GitHub - yashkarandikar/ucsd-fitness

Branches Tags

Name		Name	Last commit message	Last commit date
Latest commit History 357 Commits
doc		doc
report		report
src		src
.gitignore		.gitignore
pytest.ini		pytest.ini
readme.txt		readme.txt

Repository files navigation

Training set : all_workouts_train_condensed.gz
Validation set : all_workouts_validation_condensed.gz
Test set :  all_workouts_TEST.gz (not condensed yet)

Dependencies
-----------

simplejson
numpy
matplotlib
cython

Data processing pipeline
------------------------
1. Run sql_to_json_parser.py on original file EndoMondoWorkouts.sql.gz to get about 10 million workouts (1 workout per line) in all_workouts.gz
2. Run shuffle_and_split_data.py on all_workouts.gz to split data into 2 parts : 50 % for training / validation (all_workouts_train_and_val.gz)  and 50 % for testing (all_workouts_TEST.gz)
3. Condense and clean all_workouts_train_and_val.gz to get all_workouts_train_and_val_condensed.gz
4. Split all_workouts_train_and_val_condensed.gz into 2 parts: 60 % (i.e 30 % of total) for training and 40 % (i.e 20 % of total) for validationto get all_workouts_train_condensed.gz and all_workouts_validation_condensed.gz


Info about files
------------------

EndoMondoWorkouts.sql.gz - 
This is the full data set dump. 
Number of lines : 1267340 
Number of workouts : 10320194
Size of .sql.gz file : 204 GB
Size of .gz file created by sql_to_json_parser : 31 GB

all_workouts.gz- 
This is the output of the sql to json parser on EndoMondoWorkouts.sql.gz.
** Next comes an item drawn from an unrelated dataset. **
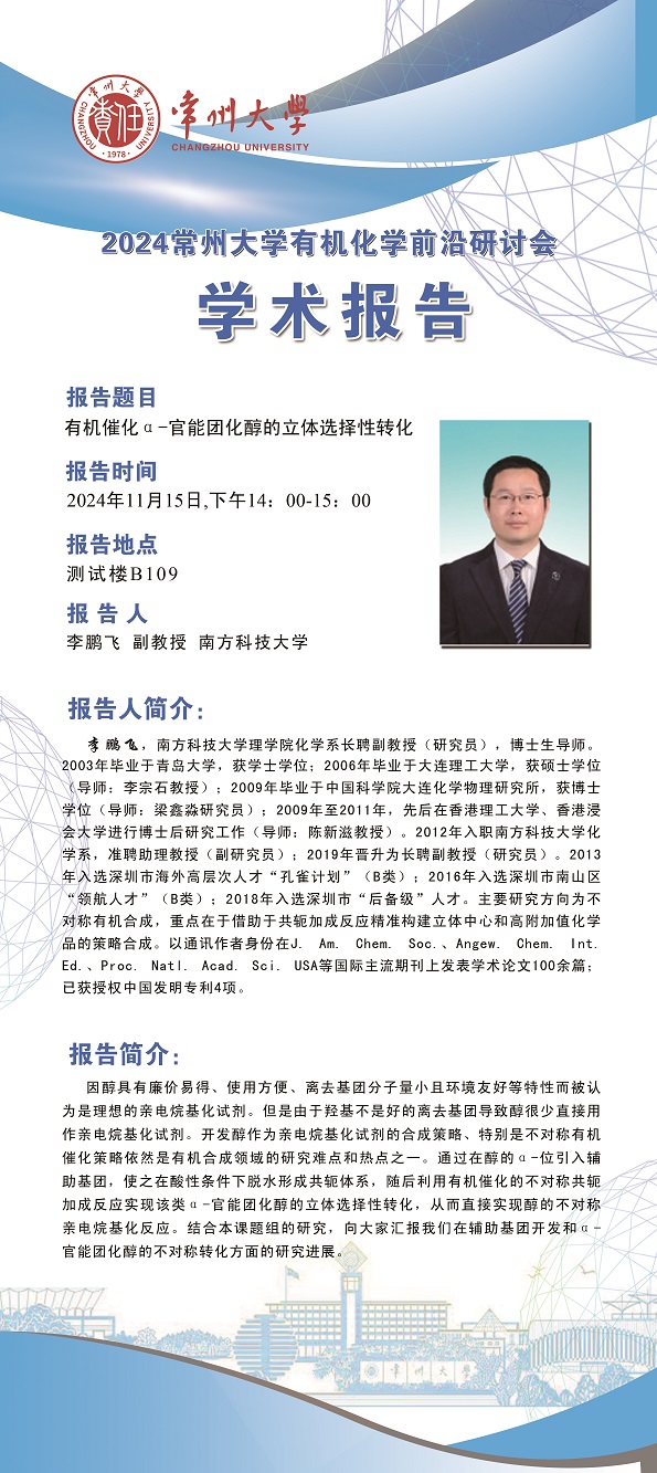 | 【學(xué)術(shù)報(bào)告】11月15日學(xué)術(shù)報(bào)告—李鵬飛副教授 南方科技大學(xué) ;朱燦青年研究員、錢輝副教授 復(fù)旦大學(xué) |

Size is about 31 GB

all_workouts_train_and_val.gz and all_workouts_TEST.gz
Output of shuffling and splitting all_workouts.gz into 2 equal parts - one for training / validation and one for testing

all_workouts_train_and_val_condensed.gz -
Output of running condense_and_clean_data on all_workouts_train_and_val.gz

all_workouts_train_condensed.gz -
This is the TRAINING data : 0.6 fraction of all_workouts_train_and_val_condensed.gz (obtained by running shuffle_and_split on all_workouts_train_and_val_condensed.gz with shuffling disabled) i.e about 30 % of total data.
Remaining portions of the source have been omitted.